Santaella explica la operación, con el vídeo de fondo
Santaella explica la operación, con el vídeo de fondo / R. L. P.

La cara de María y de Juana vuelve a ser un poema. El vídeo ha hecho que arruguen la nariz y que sonrían a partes iguales. María acaba de terminar los exámenes de primero de Enfermería. «Me empeñé en hacer la carrera. He tenido clara mi vocación desde siempre», dice. Una vocación que pasó por ver cómo su hermano superaba un cáncer, hace diez años, y por sacarse el título de Técnico de Laboratorio para poder entrar en la carrera. «Lo tenía claro. Y esto, lo de mi cabeza, la operación, me ha reafirmado. Te das cuenta de cómo quieres que te traten. Los médicos arreglan el problema, pero enfermería es el que te cuida en el día a día. Y aquí me cuidaron muy bien».

Por eso, por la importancia del equipo multidisciplinar que ha formado parte del pequeño milagro, Gonzalo Olivares insiste en aplaudir al resto de implicados: Carlos Sánchez y Ana María Román (neurocirujanos);Lucía Santos (anestesia);Rocío Izquierdo y Salvador Domínguez (enfermería);y María Ángeles García Rescalvo (subdirectora del Hospital de Traumatología).

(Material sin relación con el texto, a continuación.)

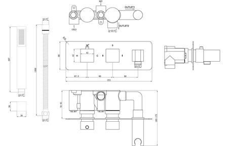 Lira Shower Pack One - Two Outlet Twin Shower Valve w/Handset & ABS Overhead - Chrome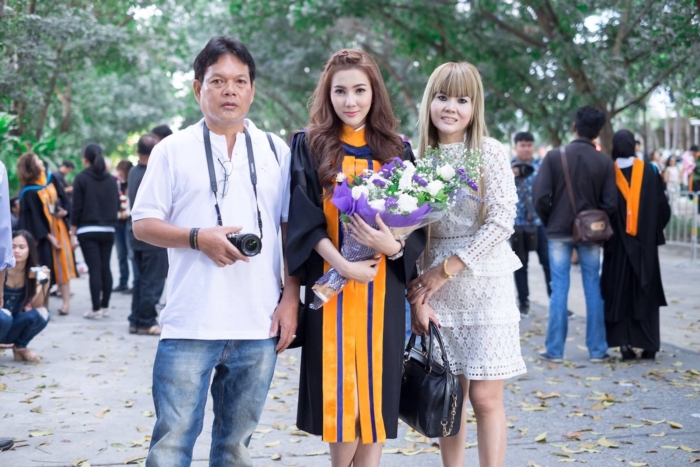 แคมปัส-สตาร์ ขอแสดงความยินดีกับดีเจสาวสวย กล้วยไม้ พิกุลแย้ม หรือ ดีเจแคท แห่งคลื่น MONO FRESH 91.5 เรียนจบจากรั้วมหาวิทยาลัยเกษมบัณฑิตแล้ว แถมยังคว้าเกียรตินิยมอันดับ 2 จากคณะนิเทศศาสตร์ สาขาการประชาสัมพันธ์ มาครองด้วย สวยเก่งขนาดนี้ต้องขอปรบมือให้เลย เรามีภาพเก็บตกบรรยากาศวันรับปริญญามาให้รับชมด้วยค่ะ งานนี้คุณพ่อคุณแม่ของสาวแคท และเพื่อนๆ ดีเจไปร่วมแสดงความยินดีกับเธอกันด้วย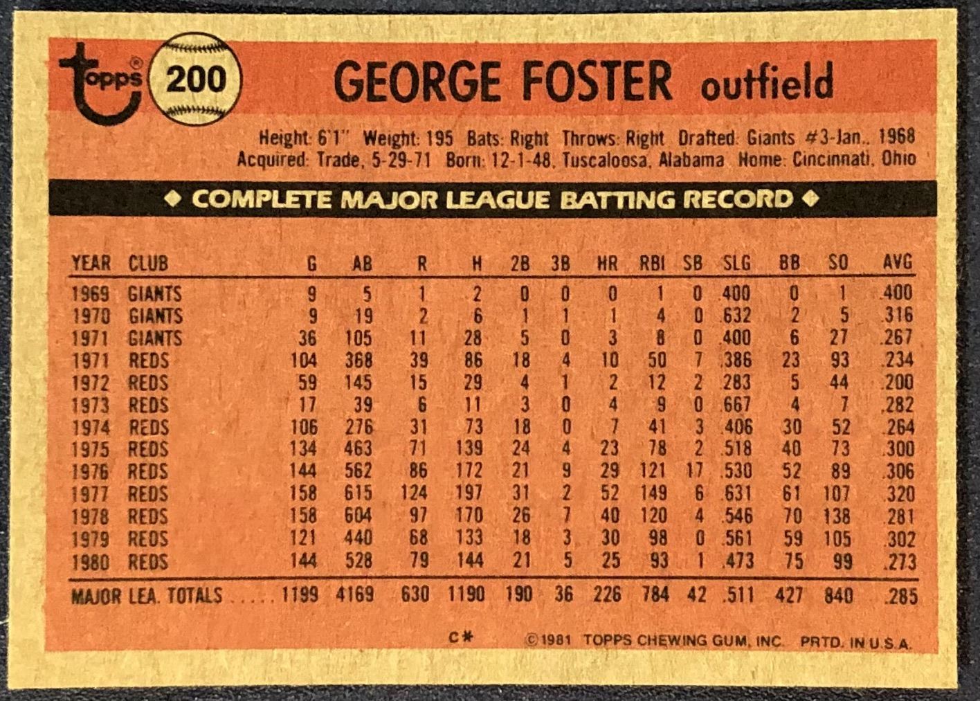 Lot 571 1981 TOPPS GEORGE FOSTER

«Gracias a todos vosotros. Ahora es cuando una se da cuenta de lo importante que es la sanidad pública. Fuera, en otro país, estaríamos perdidas»

Los tumores de María y de Juana eran raros, poco frecuentes. Juana, muy orgullosa del trato recibido, aprieta muy fuerte sus manos mientras dice «gracias», «gracias a todos vosotros. Ahora es cuando una se da cuenta de lo importante que es la sanidad pública. Fuera, en otro país, estaríamos perdidas». María, con mirada cómplice, responde: «Yo me informé y hay un caso por cada dos millones de habitantes y es dos veces más frecuente en hombres que en mujeres. O sea, que me ha tocado la lotería», ríe. Ríe divertida hasta que, sin perder la sonrisa, se da cuenta de que es verdad: «Sí, eso, la verdad es que me ha tocado».

Tratamiento de protones en Pavía

Los tumores de María y Juana, aunque distintos, tienen un comportamiento muy similar. Y ahora, pese a que las operaciones han sido un éxito, ambas tendrán que viajar a Pavía para recibir un tratamiento de protones. «Este tipo de tumores tienden a volver a salir. La idea es prevenir y para eso hay que tratarlos con protones porque son resistentes a la radioterapia habitual», dice Olivares. Actualmente, el tratamiento por protones no está disponible en España, por lo que hay que trasladarse a otros hospitales europeos, como el de Pavía.